- [Task details]
For the material below, the expected output is exactly the lines between the line holding "- Lithuania has" and the line holding "(路桥工程系 讯 蓝惠玲、张楗/文", inclusive, with pictures left out.

- [Available data]
- - -
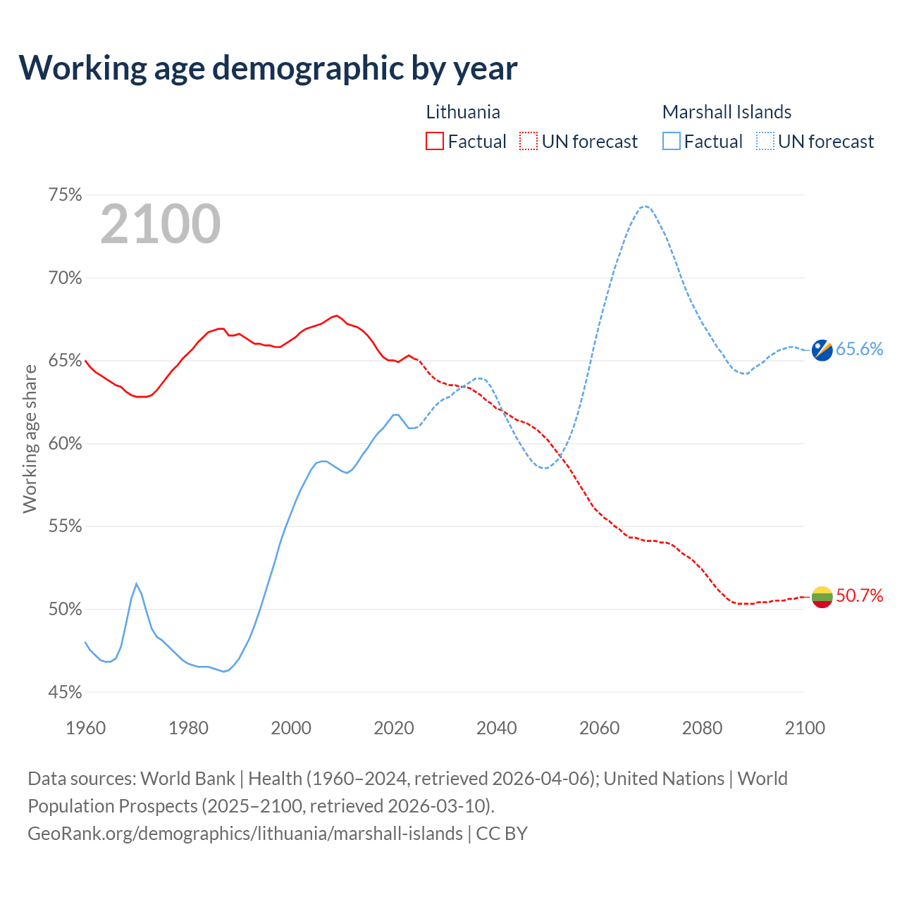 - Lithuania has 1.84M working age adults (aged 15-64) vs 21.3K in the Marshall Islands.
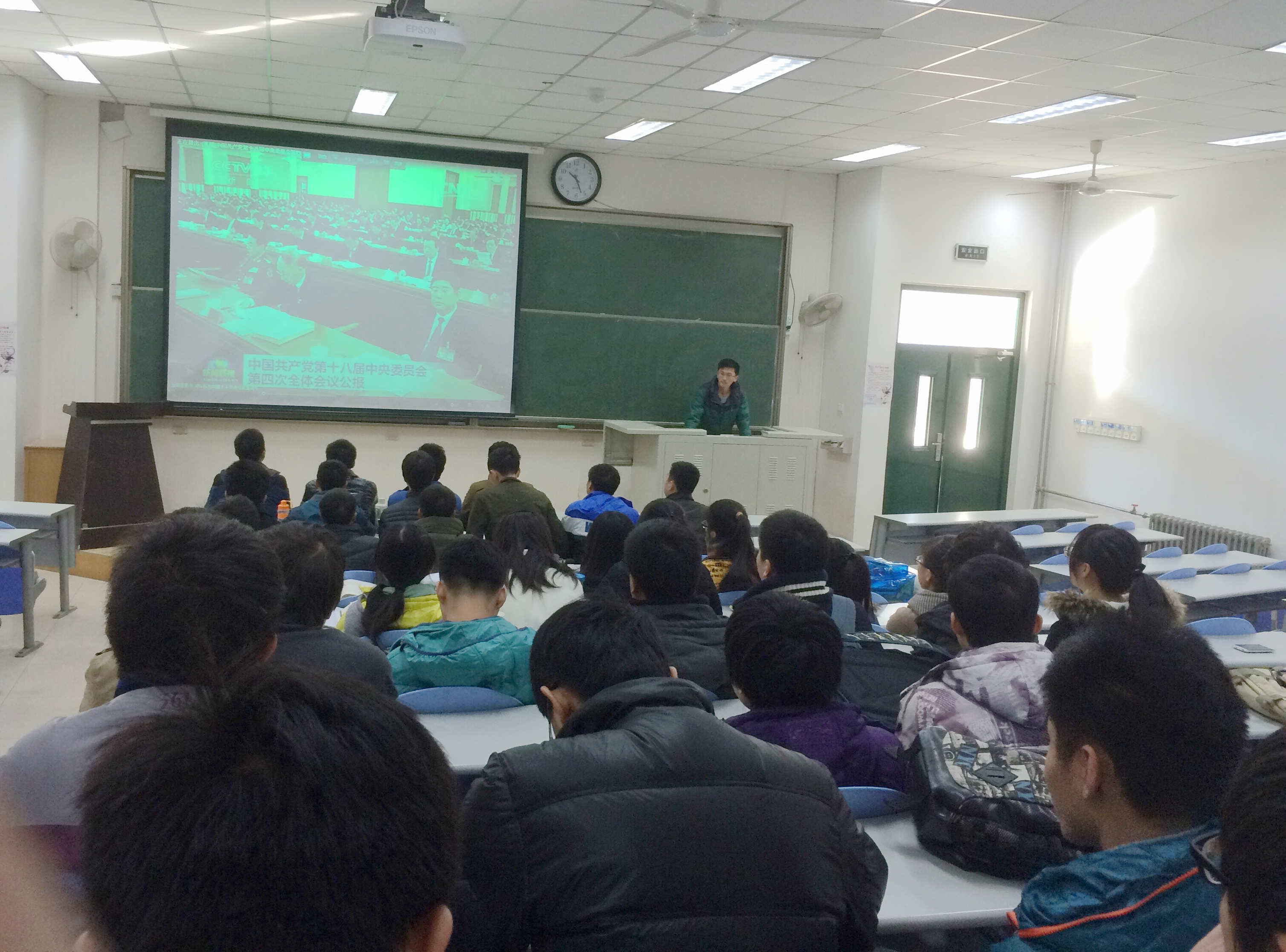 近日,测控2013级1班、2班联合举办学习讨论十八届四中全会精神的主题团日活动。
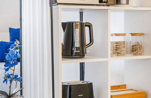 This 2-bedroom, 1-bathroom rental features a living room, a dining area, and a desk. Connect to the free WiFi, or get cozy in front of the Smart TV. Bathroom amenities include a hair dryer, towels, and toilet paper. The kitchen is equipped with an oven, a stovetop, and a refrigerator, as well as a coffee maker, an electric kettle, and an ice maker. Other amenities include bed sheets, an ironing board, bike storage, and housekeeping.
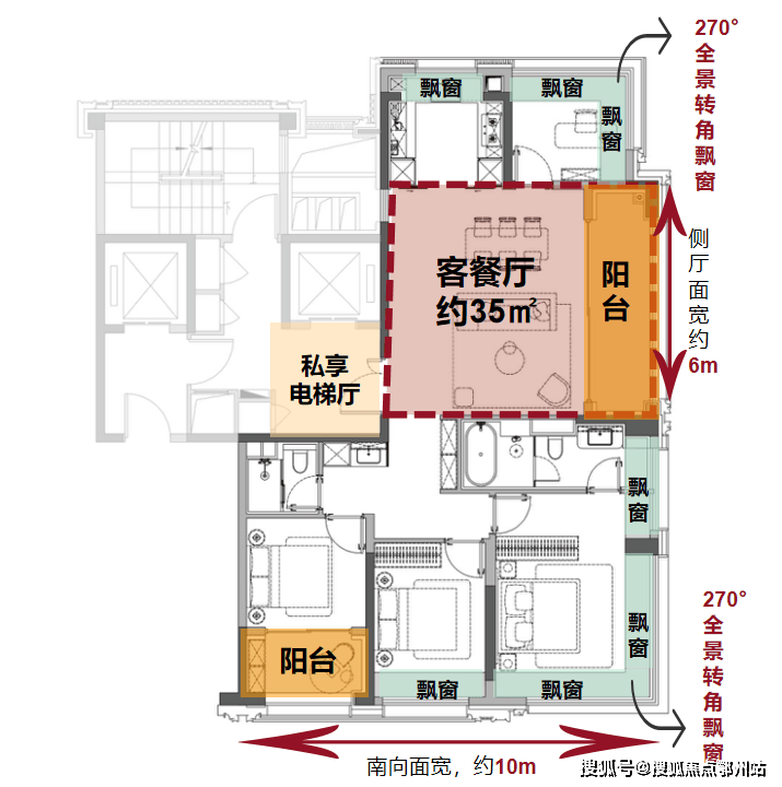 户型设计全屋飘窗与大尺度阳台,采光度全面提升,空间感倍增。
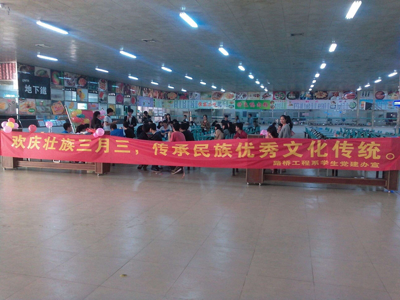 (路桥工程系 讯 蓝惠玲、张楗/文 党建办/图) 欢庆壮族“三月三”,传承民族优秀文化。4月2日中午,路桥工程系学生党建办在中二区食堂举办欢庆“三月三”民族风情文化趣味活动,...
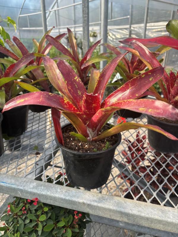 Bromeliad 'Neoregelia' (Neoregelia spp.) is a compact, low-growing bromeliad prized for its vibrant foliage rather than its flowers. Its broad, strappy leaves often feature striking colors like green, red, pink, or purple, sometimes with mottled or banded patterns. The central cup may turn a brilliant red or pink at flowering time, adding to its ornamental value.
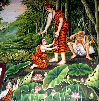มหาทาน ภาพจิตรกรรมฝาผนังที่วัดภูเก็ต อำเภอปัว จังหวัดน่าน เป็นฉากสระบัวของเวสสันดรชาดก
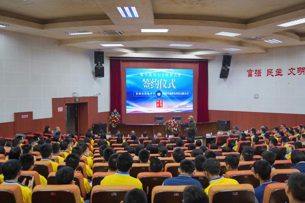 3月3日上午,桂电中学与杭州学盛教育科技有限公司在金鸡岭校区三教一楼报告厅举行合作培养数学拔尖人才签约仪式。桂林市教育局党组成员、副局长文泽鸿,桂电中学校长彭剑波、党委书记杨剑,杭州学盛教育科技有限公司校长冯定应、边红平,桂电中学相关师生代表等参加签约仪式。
- - -
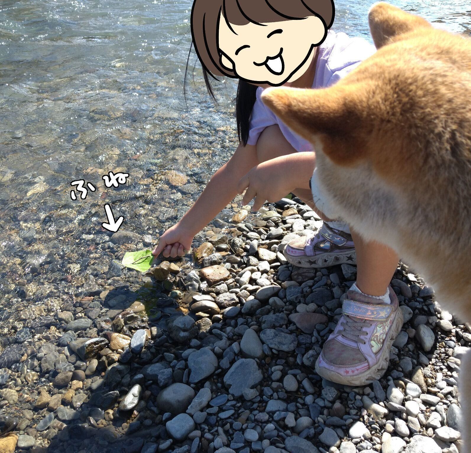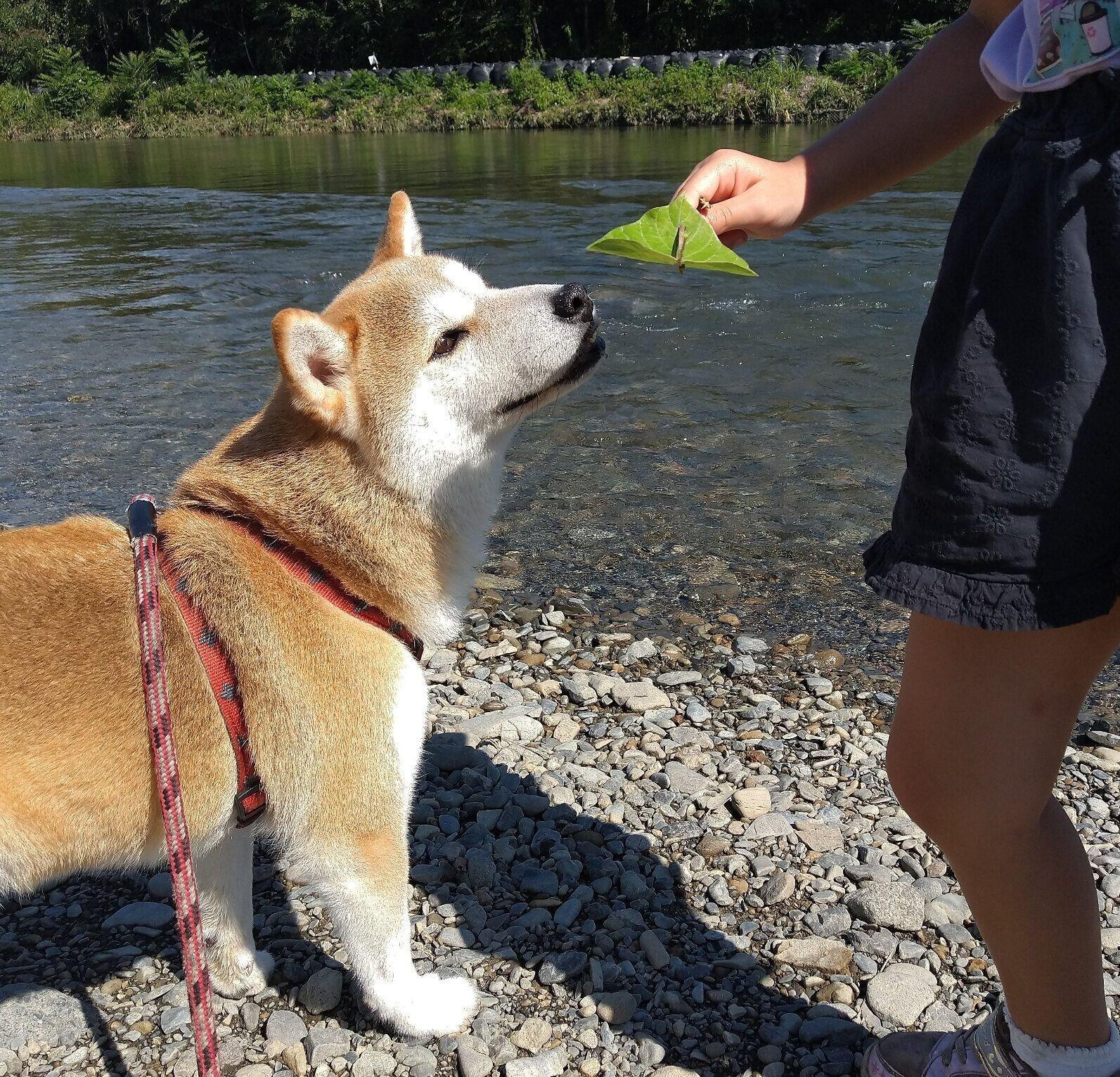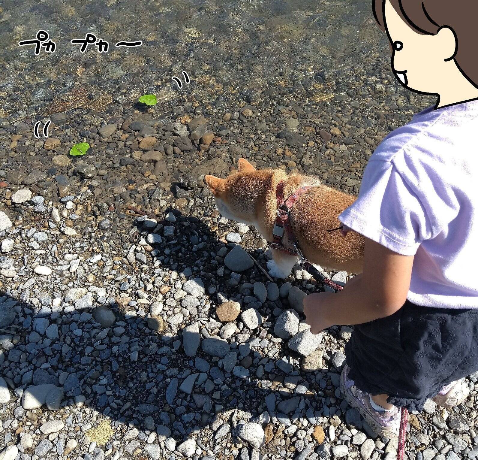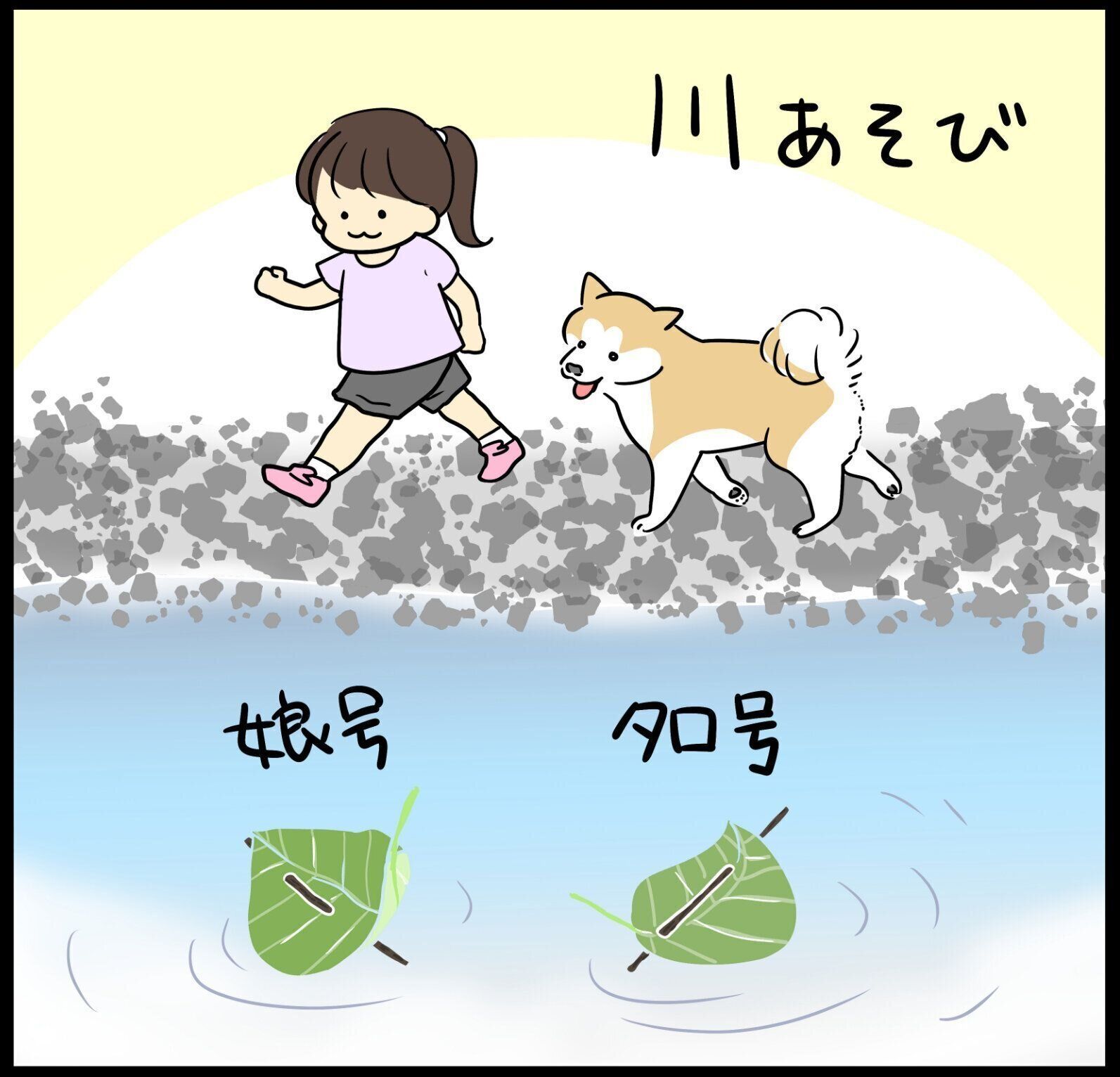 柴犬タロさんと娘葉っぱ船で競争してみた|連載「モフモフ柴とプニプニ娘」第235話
- - -
- [Problem solution]
 - Lithuania has 1.84M working age adults (aged 15-64) vs 21.3K in the Marshall Islands.
 近日,测控2013级1班、2班联合举办学习讨论十八届四中全会精神的主题团日活动。
 This 2-bedroom, 1-bathroom rental features a living room, a dining area, and a desk. Connect to the free WiFi, or get cozy in front of the Smart TV. Bathroom amenities include a hair dryer, towels, and toilet paper. The kitchen is equipped with an oven, a stovetop, and a refrigerator, as well as a coffee maker, an electric kettle, and an ice maker. Other amenities include bed sheets, an ironing board, bike storage, and housekeeping.
 户型设计全屋飘窗与大尺度阳台,采光度全面提升,空间感倍增。
 (路桥工程系 讯 蓝惠玲、张楗/文 党建办/图) 欢庆壮族“三月三”,传承民族优秀文化。4月2日中午,路桥工程系学生党建办在中二区食堂举办欢庆“三月三”民族风情文化趣味活动,...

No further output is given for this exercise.